To change the index so that it has lower resolution, for example modifying a daily time series to a monthly time series.

signal.resample(freq, method, *, upsample_daily=False, min_points=1, allow_partial_start=True, allow_partial_end=True, partial, ffill=0)

Resample the signal to the given frequency. The interval used for for resampling is defined by the freq parameter, and the method defines how to aggregate the signal.

Intermediate upsampling

If upsample_daily is set to True, the resampling is performed by first upsampling the underlying signal to daily frequency, and then downsampling it to the desired frequency.

If the method is sum or mean_times_days, the upsample operation divides the value in each interval by the number of days in the interval, so that the value is “spread over” the interval. The consequence of this is that when the signal is downsampled again, the contribution of each interval in the old time series is proportional to the overlap between the new and the old intervals.

If the frequency of the underlying time series cannot be detected, the time series is assumed to already have daily resolution, and it is not altered before downsampling.

Exabel recommends setting upsample_daily=True if the frequency of the original data does not evenly divide the frequency being converted to. For example, if resampling a weekly time series weekly to months, there will be weeks crossing the boundaries of the months. Similarly, if resampling from a weeks/months to a fiscal frequency (like FQ), it is advisable to first upsample to daily.

Parameters:
  • freq – The frequency to aggregate on, for example M or FQ.

  • method – Method to use for aggregation. Standard Pandas methods like 'mean', 'median', 'sum', 'bfill' (backfill) are supported, as well as the special 'mean_times_days' method. See table below.

  • upsample_daily – Whether to upsample the data to daily resolution before downsampling.

  • min_points – Minimum number of data points required within a time period for it to be included. Note that if upsample_daily=True, the data points are counted after the upsampling, so the requirement applies to the number of daily data points.

  • allow_partial_start – Whether to include the first period if it is only partially covered by the time series.

  • allow_partial_end – Whether to include the last period if it is only partially covered by the time series.

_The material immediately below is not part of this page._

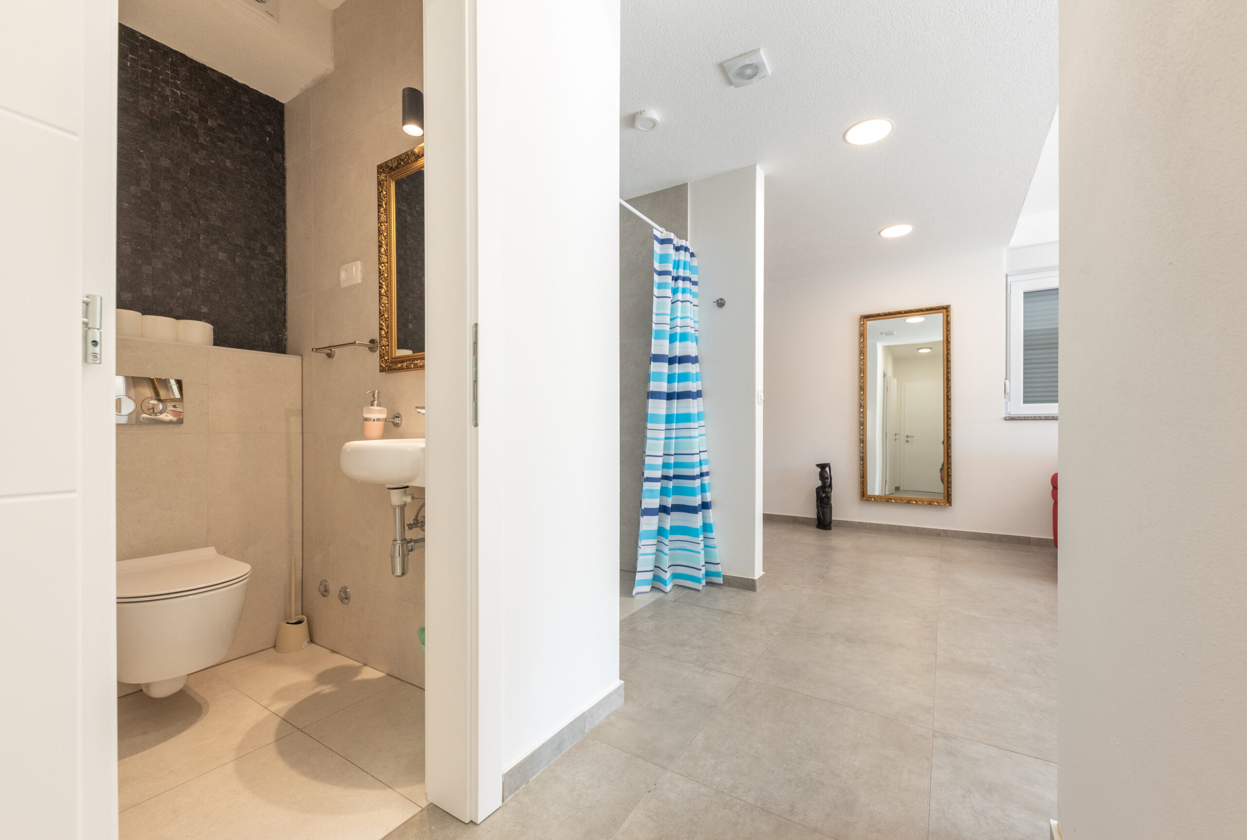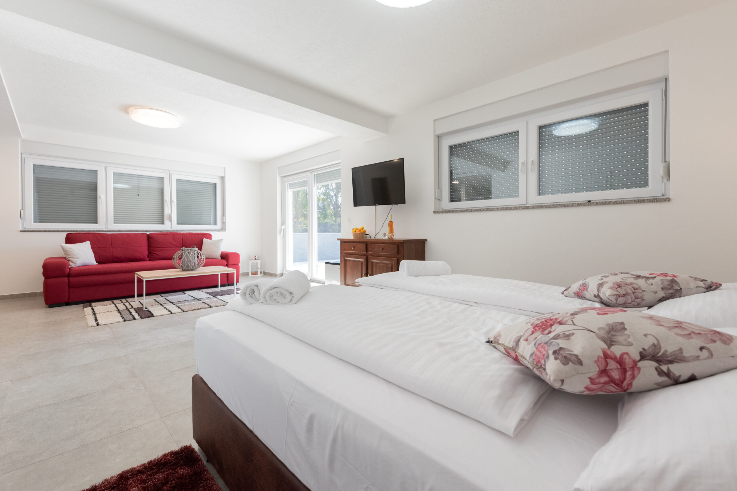 This room is a superior room and is suitable for a couple that wants an extra-large room on the ground floor or for a group of up to 4 people that want to be together in the same room. The room itself has no view but has a private terrace and is located on the entrance of the second hotel building, which is a newly built building that was specifically designed with the hotel guests in mind. It has a fully equipped bathroom with a walk-in shower and floor heating, a hairdryer and free toiletries, a worktable for business travelers, free internet access, a satellite TV and a refrigerator. The room is on the seaside, but it's further away from the pool and the restaurant, which makes it one of the quieter rooms.

  • partial – Whether to include the first and the last period if they are only partially covered by the time series. (Included as a shortcut to set both allow_partial_start and allow_partial_end.)

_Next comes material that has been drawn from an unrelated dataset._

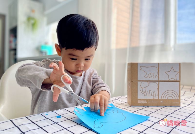 剪刀是專為孩子設計的版型,手穿過剪刀的洞設計得剛剛好,不會太大容易手滑,也不會太小手卡住,即使是剛接觸剪紙的子惟也能輕易上手!

  • ffill – The number of periods to forward fill the result. The forward fill is performed after aggregation. This can be used to fill gaps where there were not any or not enough data points to calculate the aggregate.

Supported methods:

method

Description

mean

The mean of the values.

median

The median of the values.

sum

The sum of the values.

mean_times_days

The mean of the values multiplied by the number of days within the period.
This is useful for handling missing data points in daily time series,
which is a common situation with alternative data time series.
The result can be seen as representing the sum over the period,
where the missing values have been imputed with the mean value.

count

The number of values.

std

The standard deviation of the values.

var

The variance of the values.

sem

The unbiased standard error of the mean.

first

The first value.

last

The last value.

min

The minimum value.

max

The maximum value.

bfill

Backfill the values. This is typically done to upsample a time series
where the dates are aligned to the end date of each period,
like 'W' or 'M' or 'Q'.

ffill

Forward fill the values. This is typically done to upsample a time series
where the dates are aligned to the start date of each period,
like 'MS' or 'QS'.

nearest

Take the value from the nearest date.

interpolate

Interpolate the values between the two nearest dates.

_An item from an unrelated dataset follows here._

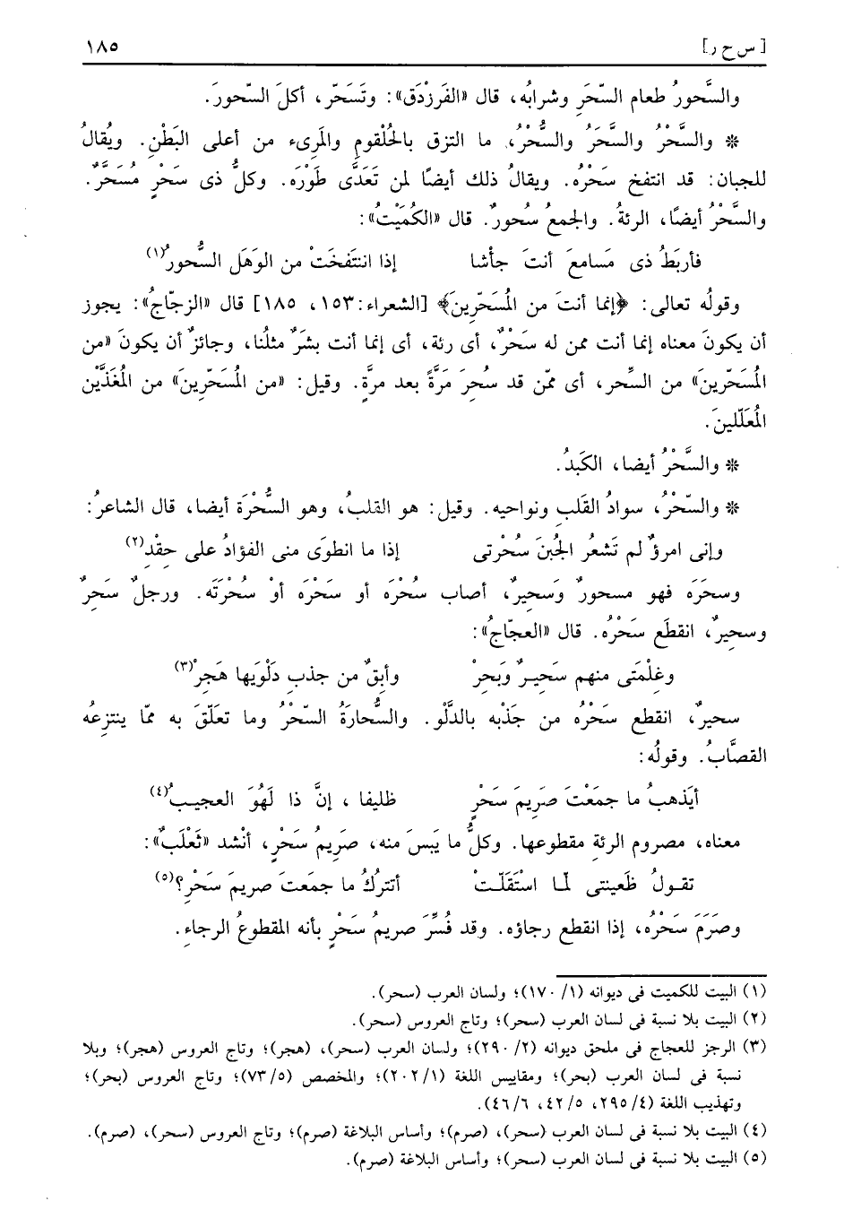 والسّحْرُ: سَواد الْقلب ونواحيه. وَقيل: هُوَ الْقلب، وَهُوَ السُّحْرَة أَيْضا، قَالَ الشَّاعِر:

The statistical measures 'std', 'var' and 'sem' normalize by N-1 by default (delta degrees of freedom is 1).

The parameters min_points, allow_partial_start and allow_partial_end only apply to aggregation / downsampling. It is an error to specify any of these parameters with the upsampling methods 'bfill', 'ffill', 'nearest' or 'interpolate'.

Examples:

To calculate a monthly average from daily data:

signal.resample('M', 'mean')

To calculate a monthly sum from daily data, and not include the latest partial month:

signal.resample('M', 'sum', partial=False)

To sum up weekly data to fiscal quarters, with intermediate upsampling to daily (to handle weeks that fall into 2 quarters), and not include the latest partial quarter:

signal.resample('FQ', 'sum', upsample_daily=True, partial=False)

To sum up daily data to fiscal quarters, where missing data points are imputed with the mean, and we require at least 70 data points in each quarter, use:

signal.resample('FQ', 'mean_times_days', min_points=70)

To upsample quarterly data ('Q') to monthly, where we are certain there are no missing data points, use:

signal.resample('M', 'bfill')
signal.upsample(from_freq='auto', to_freq='D', divide=False)

Upsample the given signal to a higher resolution (daily by default). This is typically necessary as the first step when resampling between two frequencies which do not evenly divide each other.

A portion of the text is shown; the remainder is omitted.